== INPUT DATA ==
○ ○ ○ ○ ○ ○ ○

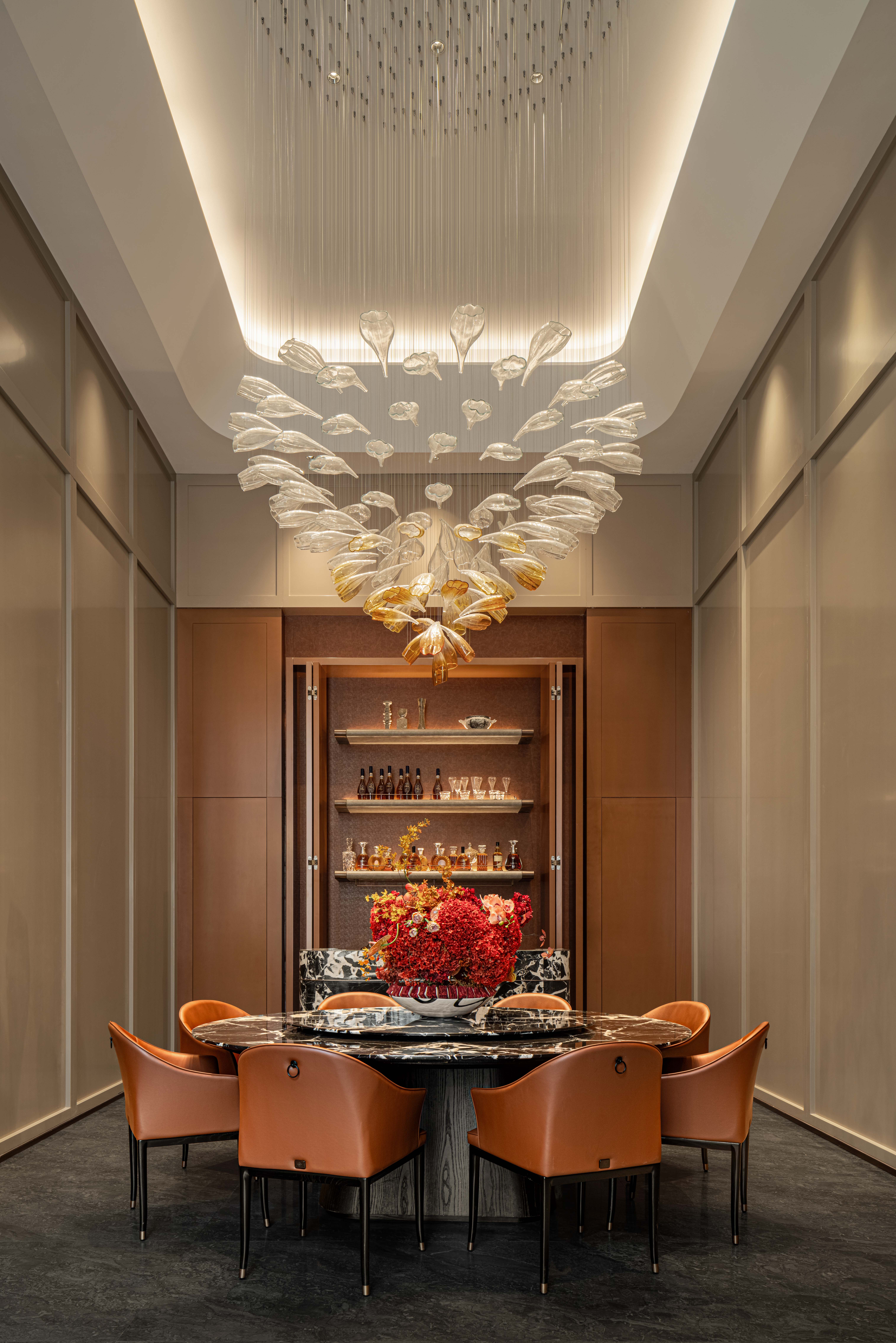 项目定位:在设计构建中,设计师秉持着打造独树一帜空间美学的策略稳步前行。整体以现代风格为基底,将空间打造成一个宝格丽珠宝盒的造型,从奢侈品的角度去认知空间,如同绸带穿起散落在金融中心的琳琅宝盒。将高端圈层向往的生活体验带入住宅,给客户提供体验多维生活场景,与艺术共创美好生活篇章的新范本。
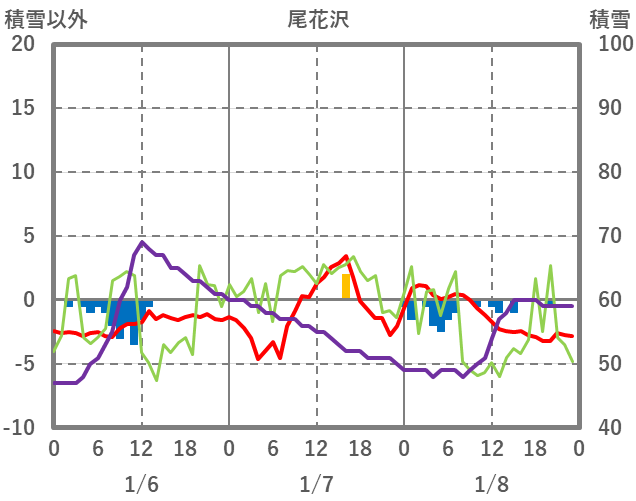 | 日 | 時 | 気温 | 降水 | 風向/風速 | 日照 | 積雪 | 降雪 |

○ ○ ○ ○ ○ ○ ○

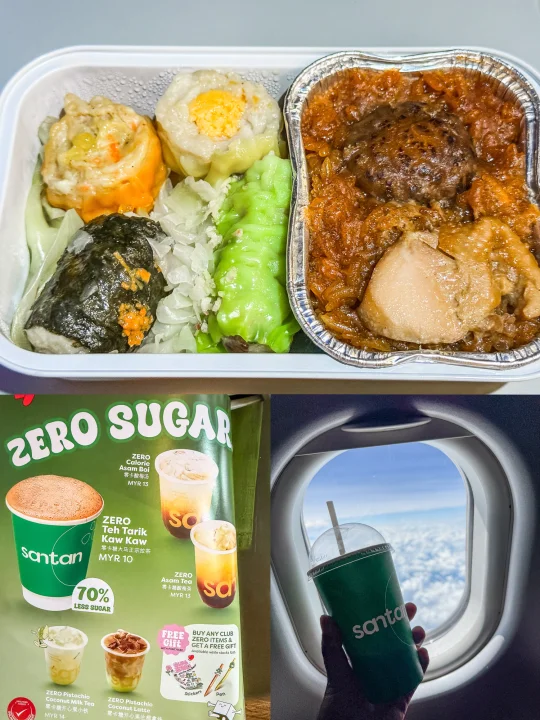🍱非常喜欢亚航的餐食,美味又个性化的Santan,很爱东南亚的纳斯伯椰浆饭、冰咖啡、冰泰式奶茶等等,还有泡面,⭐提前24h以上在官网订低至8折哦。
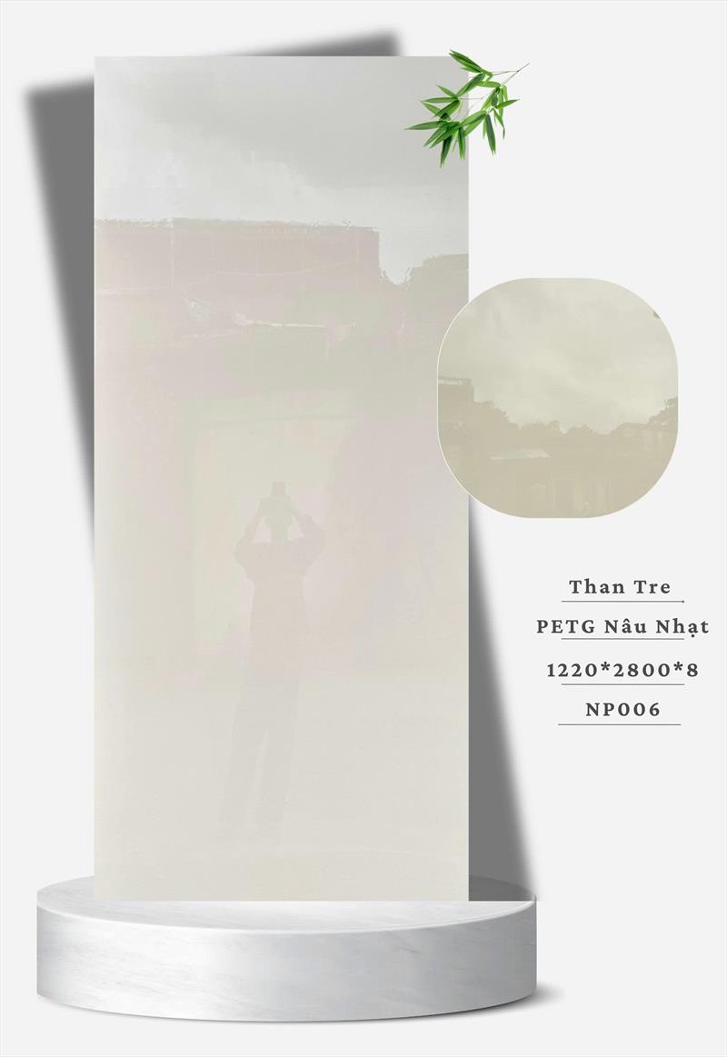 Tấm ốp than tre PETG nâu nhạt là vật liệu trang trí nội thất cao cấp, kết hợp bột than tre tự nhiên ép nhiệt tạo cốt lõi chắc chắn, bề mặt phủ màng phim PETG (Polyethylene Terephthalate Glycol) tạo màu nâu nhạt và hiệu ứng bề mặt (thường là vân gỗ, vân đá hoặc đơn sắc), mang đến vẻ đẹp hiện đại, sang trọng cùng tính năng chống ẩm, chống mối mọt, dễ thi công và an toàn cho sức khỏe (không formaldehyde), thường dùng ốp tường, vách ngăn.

○ ○ ○ ○ ○ ○ ○

== EXERCISE INSTRUCTIONS ==
Take only the lines above from the one that has "项目定位:在设计构建中,设计" through the one that has "日照 | 積雪 | 降雪 |" and reproduce them exactly, omitting any pictures.

== WRITTEN RESPONSE ==
 项目定位:在设计构建中,设计师秉持着打造独树一帜空间美学的策略稳步前行。整体以现代风格为基底,将空间打造成一个宝格丽珠宝盒的造型,从奢侈品的角度去认知空间,如同绸带穿起散落在金融中心的琳琅宝盒。将高端圈层向往的生活体验带入住宅,给客户提供体验多维生活场景,与艺术共创美好生活篇章的新范本。
 | 日 | 時 | 気温 | 降水 | 風向/風速 | 日照 | 積雪 | 降雪 |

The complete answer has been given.